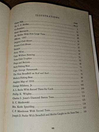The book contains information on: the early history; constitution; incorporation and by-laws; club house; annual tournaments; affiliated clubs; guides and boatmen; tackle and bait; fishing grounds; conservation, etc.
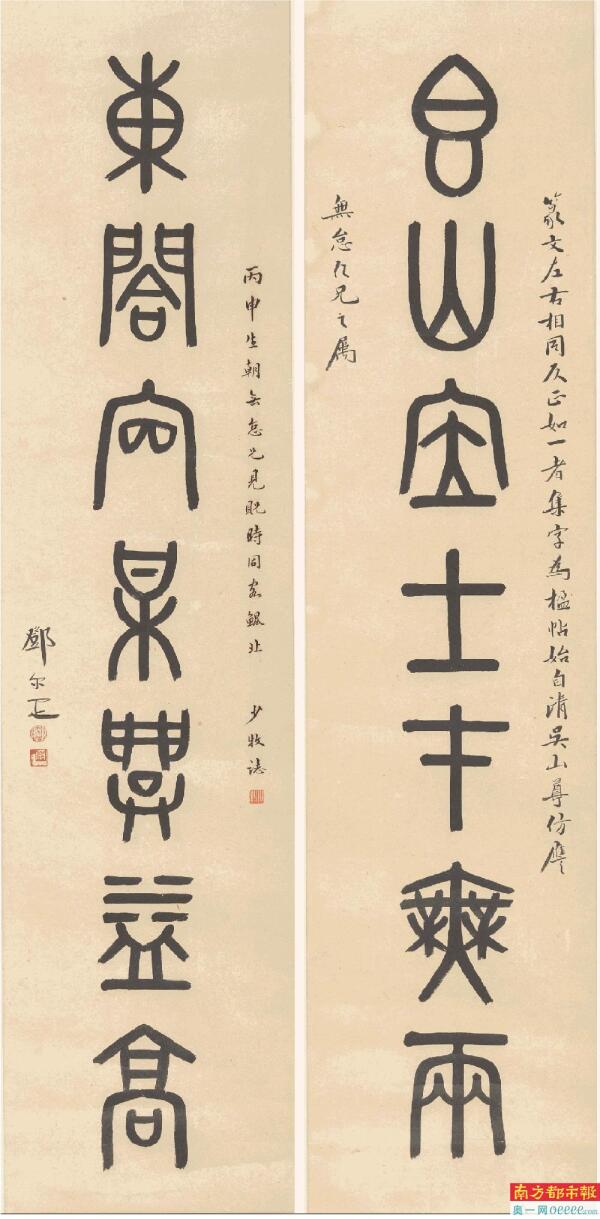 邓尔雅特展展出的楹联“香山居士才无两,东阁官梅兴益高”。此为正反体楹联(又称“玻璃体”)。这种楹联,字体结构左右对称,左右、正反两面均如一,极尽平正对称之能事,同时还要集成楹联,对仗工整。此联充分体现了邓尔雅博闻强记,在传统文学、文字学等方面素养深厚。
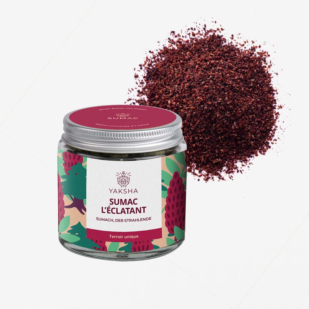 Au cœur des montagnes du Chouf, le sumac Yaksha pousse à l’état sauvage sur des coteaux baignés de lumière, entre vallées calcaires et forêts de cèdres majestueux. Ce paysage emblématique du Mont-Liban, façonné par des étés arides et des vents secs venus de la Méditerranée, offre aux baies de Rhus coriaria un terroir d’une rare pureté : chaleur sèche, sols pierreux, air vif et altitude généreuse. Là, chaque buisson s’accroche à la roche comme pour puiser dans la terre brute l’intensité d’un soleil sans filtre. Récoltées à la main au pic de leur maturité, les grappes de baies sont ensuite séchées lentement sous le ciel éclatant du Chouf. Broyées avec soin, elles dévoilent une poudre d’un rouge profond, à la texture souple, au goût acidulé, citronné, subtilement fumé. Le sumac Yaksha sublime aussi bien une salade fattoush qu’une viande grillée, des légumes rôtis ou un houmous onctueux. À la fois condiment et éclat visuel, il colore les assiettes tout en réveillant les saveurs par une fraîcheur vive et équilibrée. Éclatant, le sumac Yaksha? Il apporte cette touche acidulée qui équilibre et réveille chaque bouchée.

■ ■ ■

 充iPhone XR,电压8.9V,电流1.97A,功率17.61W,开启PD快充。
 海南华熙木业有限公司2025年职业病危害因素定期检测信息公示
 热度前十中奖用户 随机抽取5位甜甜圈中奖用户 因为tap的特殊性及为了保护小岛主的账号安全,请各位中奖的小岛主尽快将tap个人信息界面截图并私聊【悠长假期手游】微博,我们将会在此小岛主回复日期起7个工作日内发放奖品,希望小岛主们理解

■ ■ ■

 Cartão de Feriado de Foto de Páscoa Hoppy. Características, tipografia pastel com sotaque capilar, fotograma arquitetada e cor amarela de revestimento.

■ ■ ■

__YOUR GOAL__: Leaving out the pictures, please output the lines in the entries above from the one with "The book contains" through the one with "Au cœur des", exactly as they are.

__RESPONSE__:
The book contains information on: the early history; constitution; incorporation and by-laws; club house; annual tournaments; affiliated clubs; guides and boatmen; tackle and bait; fishing grounds; conservation, etc.
 邓尔雅特展展出的楹联“香山居士才无两,东阁官梅兴益高”。此为正反体楹联(又称“玻璃体”)。这种楹联,字体结构左右对称,左右、正反两面均如一,极尽平正对称之能事,同时还要集成楹联,对仗工整。此联充分体现了邓尔雅博闻强记,在传统文学、文字学等方面素养深厚。
 Au cœur des montagnes du Chouf, le sumac Yaksha pousse à l’état sauvage sur des coteaux baignés de lumière, entre vallées calcaires et forêts de cèdres majestueux. Ce paysage emblématique du Mont-Liban, façonné par des étés arides et des vents secs venus de la Méditerranée, offre aux baies de Rhus coriaria un terroir d’une rare pureté : chaleur sèche, sols pierreux, air vif et altitude généreuse. Là, chaque buisson s’accroche à la roche comme pour puiser dans la terre brute l’intensité d’un soleil sans filtre. Récoltées à la main au pic de leur maturité, les grappes de baies sont ensuite séchées lentement sous le ciel éclatant du Chouf. Broyées avec soin, elles dévoilent une poudre d’un rouge profond, à la texture souple, au goût acidulé, citronné, subtilement fumé. Le sumac Yaksha sublime aussi bien une salade fattoush qu’une viande grillée, des légumes rôtis ou un houmous onctueux. À la fois condiment et éclat visuel, il colore les assiettes tout en réveillant les saveurs par une fraîcheur vive et équilibrée. Éclatant, le sumac Yaksha? Il apporte cette touche acidulée qui équilibre et réveille chaque bouchée.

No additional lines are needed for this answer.